How to use technical analysis to make money from trading
Fsp Invest Team, 21 May. 2013
“If spread trading has been the trading instrument phenomenon of the past few years, technical analysis, in particular charting, has been the leading way to research the phenomenon in recent times,” says the Ultimate Spread Trading Guide. Read on to discover why mastering the use of technical analysis will help you achieve success when trading.
Technical analysis is the study of price action and behaviour that bases trading decisions purely on historical data.
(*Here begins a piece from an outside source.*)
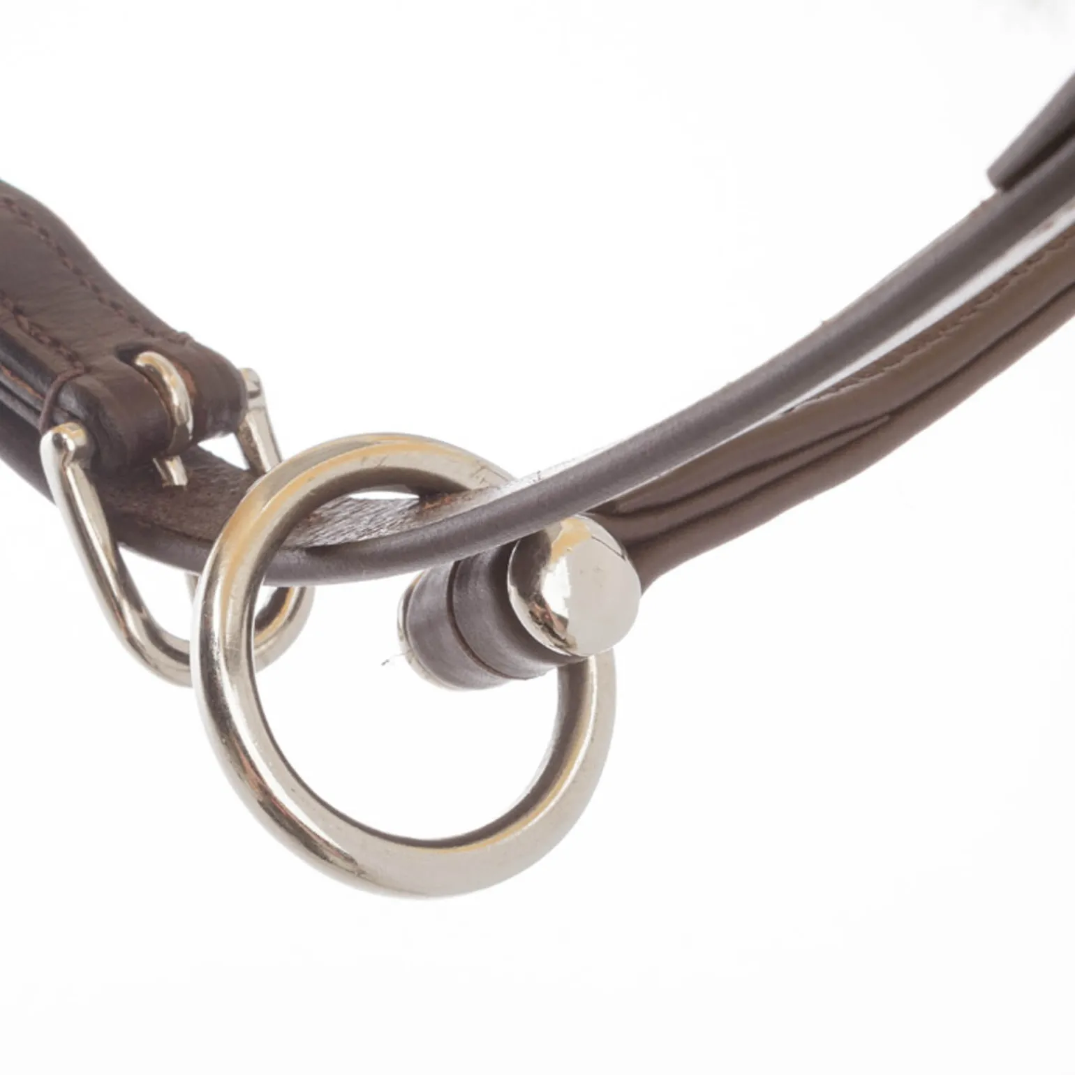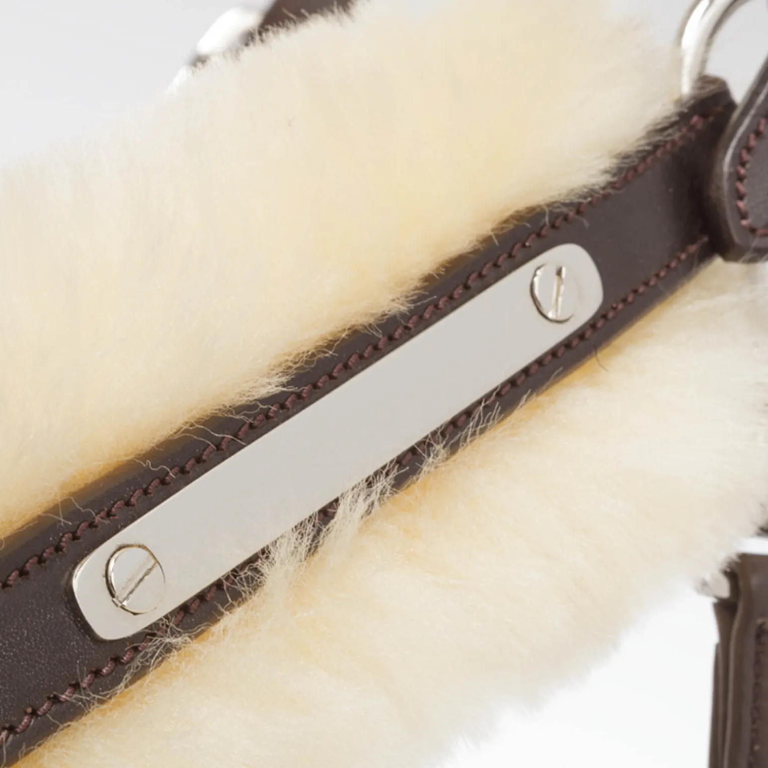 Stilig grime med mykt lær og ekte saueskinn på nakken, nesen og kinnstropper.Saueskinnet kan fjernes med borrelås, slik at du kan vaske det.Grimen kan justeres på begge sider, og ved kinnet for ideell passform.En avtakbar plakett i sølv på venstre sidestykke som kan graveres, slik at grimen kan personaliseres.

It works in all time frames, from years to intra-day, giving rise to the growing band of day traders who trade minute-to-minute fluctuations.
Now days, the widespread availability of software that specialises in allowing traders to chart and analyse price information as well as trawl markets for the best buy and sell opportunities in equities, indices and commodities is tailor-made for spread traders.
But to fully profit from technical analysis and its ability to narrow choices into a few specific ideas within minutes, you have to understand how it works for you when spread trading.
Tilt probability in your favour with technical analysis
According to the Ultimate Spread Trading Guide, charting is the visual part of technical analysis. It’s used because traders assume that price trends and patterns can be relied upon to provide an insight into the future.
The rise in trading software and financial websites has meant that almost everyone has access to charts of the share or markets they’re interested in.
While to the novice trader most charts resemble a random walk through time rather than anything that could provide any predictive clues, the trick is to “identify trends and price formations to form a logical conclusion about what could happen next,” the Ultimate Spread Trading Guide advises.
Essentially, charting’s about tilting probability in your favour, but also being prepared if prices turn against you. While this is the case, the mistake most novice traders make is to not decide before they put on a trade where their stop loss and target is.
And that’s where charting can help.
Charting helps you reduce risk
Charts are trading fingerprints. They include every buy and sell traded in the market.
This means as a spread trader, you’re able to manage risk by knowing what your maximum loss and profit target should be before you take a position. Charting is ideal for this as it provides a valid market level based on support and resistance levels.
There you have it! Understanding how to use technical analysis will help you achieve trading success.